Mad Props
As you may recall, I spent the better part of a year dealing with arm pain and numbness and tingling.
And then I got ACDF surgery, some spinal surgery through my neck that cured me instantly.
It was freaking awesome.
But I have a story to tell about that surgery that may or may not surprise you.
Your Daily Lex So before I got the surgery, of course, as one does, I asked the doctor about side effects.
And he’s like, you’re going to be fine.
You’re not going to have any side effects.
It’s like the only thing you’ll potentially experience is a tiny bit of a loss of range of motion with your neck.
And the only thing you won’t be able to do with your neck is, it’s like, you remember in the 80s or 90s when you would hold a phone or a cordless phone in your cruck of your shoulder, between your shoulder and your ear?
Like you might lose some of that.
And that doesn’t matter because we don’t do that anymore.
So really, you’ll have no long term impacts other than being healed.
I was like, wonderful.
Anyway, I’m in a play called Same Time Next Year, which takes place across about 25 years from the 60s through the 70s, I guess from the 50s through the 70s.
And I have several phone calls during that show on an old school rotary phone where I’m doing stuff with my hands while holding the phone.
You guessed it, between my shoulder and my ear.
And only two nights ago when we finally had the real prop phone there, I was like, oh my God, this is really hard.
And I just powered through it.
And last night I was doing it again.
And the director was like, you look awkward holding that phone in there.
And I was like, well, I’m going to admit something to you.

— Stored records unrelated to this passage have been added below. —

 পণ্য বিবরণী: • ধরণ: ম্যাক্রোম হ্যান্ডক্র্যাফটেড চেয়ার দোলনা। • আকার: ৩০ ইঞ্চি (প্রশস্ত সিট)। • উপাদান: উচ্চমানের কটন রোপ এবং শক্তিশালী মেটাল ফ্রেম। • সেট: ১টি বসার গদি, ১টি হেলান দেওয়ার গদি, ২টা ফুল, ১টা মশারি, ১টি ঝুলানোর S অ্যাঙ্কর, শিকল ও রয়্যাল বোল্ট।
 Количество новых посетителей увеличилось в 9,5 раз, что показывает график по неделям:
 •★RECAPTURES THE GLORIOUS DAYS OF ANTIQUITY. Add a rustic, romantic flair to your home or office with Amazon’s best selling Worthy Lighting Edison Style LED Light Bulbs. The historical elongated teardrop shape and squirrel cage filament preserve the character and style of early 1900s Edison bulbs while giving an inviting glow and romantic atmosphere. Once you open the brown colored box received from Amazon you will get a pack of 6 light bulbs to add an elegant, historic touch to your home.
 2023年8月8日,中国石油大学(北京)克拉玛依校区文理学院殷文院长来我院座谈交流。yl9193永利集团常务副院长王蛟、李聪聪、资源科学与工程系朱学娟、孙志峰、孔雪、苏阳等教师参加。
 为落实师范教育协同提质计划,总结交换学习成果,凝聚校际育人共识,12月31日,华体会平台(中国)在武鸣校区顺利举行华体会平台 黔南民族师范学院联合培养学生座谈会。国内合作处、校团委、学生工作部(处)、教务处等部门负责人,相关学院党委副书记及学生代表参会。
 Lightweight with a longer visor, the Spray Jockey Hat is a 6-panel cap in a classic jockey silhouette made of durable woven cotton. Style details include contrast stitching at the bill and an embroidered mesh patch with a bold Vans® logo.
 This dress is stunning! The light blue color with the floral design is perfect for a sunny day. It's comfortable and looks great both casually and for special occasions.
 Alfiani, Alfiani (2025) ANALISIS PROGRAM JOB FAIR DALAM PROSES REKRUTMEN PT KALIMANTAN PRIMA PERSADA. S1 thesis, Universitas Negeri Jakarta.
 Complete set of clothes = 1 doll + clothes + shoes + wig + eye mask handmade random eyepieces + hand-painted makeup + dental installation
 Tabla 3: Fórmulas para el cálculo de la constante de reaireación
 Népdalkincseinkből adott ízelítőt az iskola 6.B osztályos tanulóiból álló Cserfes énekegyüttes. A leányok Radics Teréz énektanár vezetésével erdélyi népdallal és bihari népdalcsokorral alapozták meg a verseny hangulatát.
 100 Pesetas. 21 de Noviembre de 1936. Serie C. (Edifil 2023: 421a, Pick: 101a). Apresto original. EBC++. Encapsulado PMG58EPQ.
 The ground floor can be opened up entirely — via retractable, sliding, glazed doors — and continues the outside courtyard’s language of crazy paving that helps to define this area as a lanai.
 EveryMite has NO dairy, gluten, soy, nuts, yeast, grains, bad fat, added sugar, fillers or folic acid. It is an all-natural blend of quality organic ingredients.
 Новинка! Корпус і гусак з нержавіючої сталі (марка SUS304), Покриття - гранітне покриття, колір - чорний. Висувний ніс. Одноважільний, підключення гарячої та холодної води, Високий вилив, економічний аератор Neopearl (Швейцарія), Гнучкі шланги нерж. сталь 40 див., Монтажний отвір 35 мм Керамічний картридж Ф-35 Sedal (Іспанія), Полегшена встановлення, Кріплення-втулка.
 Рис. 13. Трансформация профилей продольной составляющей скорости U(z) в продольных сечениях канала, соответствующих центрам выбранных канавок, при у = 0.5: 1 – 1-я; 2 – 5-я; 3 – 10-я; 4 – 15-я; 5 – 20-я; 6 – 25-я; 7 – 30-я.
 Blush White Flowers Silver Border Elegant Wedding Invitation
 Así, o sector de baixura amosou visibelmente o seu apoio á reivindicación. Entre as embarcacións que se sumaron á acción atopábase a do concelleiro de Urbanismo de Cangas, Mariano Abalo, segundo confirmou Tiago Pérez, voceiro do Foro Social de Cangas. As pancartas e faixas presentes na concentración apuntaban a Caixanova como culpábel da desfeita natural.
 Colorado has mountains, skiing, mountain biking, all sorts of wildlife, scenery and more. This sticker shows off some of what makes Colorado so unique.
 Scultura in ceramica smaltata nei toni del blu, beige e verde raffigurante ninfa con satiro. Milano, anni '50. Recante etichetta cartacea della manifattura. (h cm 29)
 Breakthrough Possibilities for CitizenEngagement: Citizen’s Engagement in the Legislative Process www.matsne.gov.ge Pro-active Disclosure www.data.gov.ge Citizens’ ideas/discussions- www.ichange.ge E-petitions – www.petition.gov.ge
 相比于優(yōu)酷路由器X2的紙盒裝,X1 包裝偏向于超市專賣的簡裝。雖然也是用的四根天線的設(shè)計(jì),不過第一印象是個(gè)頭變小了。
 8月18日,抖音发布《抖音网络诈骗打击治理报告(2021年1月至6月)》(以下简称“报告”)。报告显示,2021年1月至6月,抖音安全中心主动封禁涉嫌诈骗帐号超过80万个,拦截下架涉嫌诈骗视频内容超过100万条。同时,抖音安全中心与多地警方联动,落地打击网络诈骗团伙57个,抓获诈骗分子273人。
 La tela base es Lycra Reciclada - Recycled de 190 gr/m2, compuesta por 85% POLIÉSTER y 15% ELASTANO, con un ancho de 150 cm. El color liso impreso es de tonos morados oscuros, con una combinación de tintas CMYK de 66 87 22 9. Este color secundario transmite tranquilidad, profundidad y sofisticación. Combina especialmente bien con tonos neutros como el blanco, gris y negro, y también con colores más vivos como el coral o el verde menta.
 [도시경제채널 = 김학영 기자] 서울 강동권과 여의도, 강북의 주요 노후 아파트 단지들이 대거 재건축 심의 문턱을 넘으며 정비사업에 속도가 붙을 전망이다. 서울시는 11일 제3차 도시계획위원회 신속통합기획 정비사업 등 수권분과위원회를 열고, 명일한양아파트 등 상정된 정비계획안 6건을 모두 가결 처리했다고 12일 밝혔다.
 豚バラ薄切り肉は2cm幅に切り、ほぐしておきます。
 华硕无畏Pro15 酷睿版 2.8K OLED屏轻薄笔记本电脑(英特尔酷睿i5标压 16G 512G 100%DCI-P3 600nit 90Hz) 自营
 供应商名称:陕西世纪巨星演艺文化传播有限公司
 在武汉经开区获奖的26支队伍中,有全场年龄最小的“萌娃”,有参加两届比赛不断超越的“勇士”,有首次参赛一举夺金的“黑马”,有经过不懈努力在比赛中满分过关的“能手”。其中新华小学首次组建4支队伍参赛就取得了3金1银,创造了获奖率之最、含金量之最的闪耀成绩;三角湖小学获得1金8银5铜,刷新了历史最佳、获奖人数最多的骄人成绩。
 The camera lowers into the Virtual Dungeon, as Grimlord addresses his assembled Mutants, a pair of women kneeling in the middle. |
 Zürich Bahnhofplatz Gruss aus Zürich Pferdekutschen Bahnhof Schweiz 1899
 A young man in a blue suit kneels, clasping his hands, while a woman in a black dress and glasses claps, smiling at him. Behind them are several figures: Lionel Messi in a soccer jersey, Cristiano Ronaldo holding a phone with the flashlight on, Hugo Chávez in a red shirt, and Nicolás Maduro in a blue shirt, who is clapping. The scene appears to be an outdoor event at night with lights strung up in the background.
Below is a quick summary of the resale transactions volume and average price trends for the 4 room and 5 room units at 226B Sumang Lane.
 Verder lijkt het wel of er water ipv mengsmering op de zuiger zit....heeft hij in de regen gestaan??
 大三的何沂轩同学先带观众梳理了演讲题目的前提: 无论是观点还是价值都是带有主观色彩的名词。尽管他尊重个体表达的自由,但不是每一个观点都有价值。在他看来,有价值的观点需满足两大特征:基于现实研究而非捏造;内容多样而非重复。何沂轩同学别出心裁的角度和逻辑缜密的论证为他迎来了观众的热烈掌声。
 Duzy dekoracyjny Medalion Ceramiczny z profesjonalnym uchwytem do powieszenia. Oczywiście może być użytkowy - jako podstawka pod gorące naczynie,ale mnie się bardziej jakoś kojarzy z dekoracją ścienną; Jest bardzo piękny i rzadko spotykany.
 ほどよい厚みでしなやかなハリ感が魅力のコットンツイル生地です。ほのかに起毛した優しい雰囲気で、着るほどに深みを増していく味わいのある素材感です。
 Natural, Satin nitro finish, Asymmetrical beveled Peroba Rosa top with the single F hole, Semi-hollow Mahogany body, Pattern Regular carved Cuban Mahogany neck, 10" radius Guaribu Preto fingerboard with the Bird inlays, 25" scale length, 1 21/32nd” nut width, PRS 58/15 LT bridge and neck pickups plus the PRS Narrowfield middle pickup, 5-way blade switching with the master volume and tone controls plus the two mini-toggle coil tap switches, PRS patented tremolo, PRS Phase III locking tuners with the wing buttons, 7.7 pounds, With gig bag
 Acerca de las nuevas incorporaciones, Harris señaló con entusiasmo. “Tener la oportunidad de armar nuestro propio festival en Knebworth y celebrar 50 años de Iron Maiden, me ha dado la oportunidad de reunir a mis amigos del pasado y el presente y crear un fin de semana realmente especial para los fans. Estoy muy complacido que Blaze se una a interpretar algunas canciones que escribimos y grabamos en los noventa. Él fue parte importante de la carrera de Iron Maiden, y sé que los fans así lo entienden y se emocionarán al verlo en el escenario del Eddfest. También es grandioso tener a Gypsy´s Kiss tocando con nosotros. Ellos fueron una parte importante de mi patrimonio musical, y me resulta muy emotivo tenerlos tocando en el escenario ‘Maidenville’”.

When I auditioned for the show, it was freshly after that surgery.
And I told you that the surgery and my recovery wouldn’t affect me in any way.
And yet here we are, it is affecting me in these ways.
And he’s like, oh my God, great.
Lean into it.
Don’t hold the phone that way.
Like keep moving it back and forth.
Like you’re already a totally neurotic character.
Like be weird about how you hold the phone, but don’t do it in any way that hurts you.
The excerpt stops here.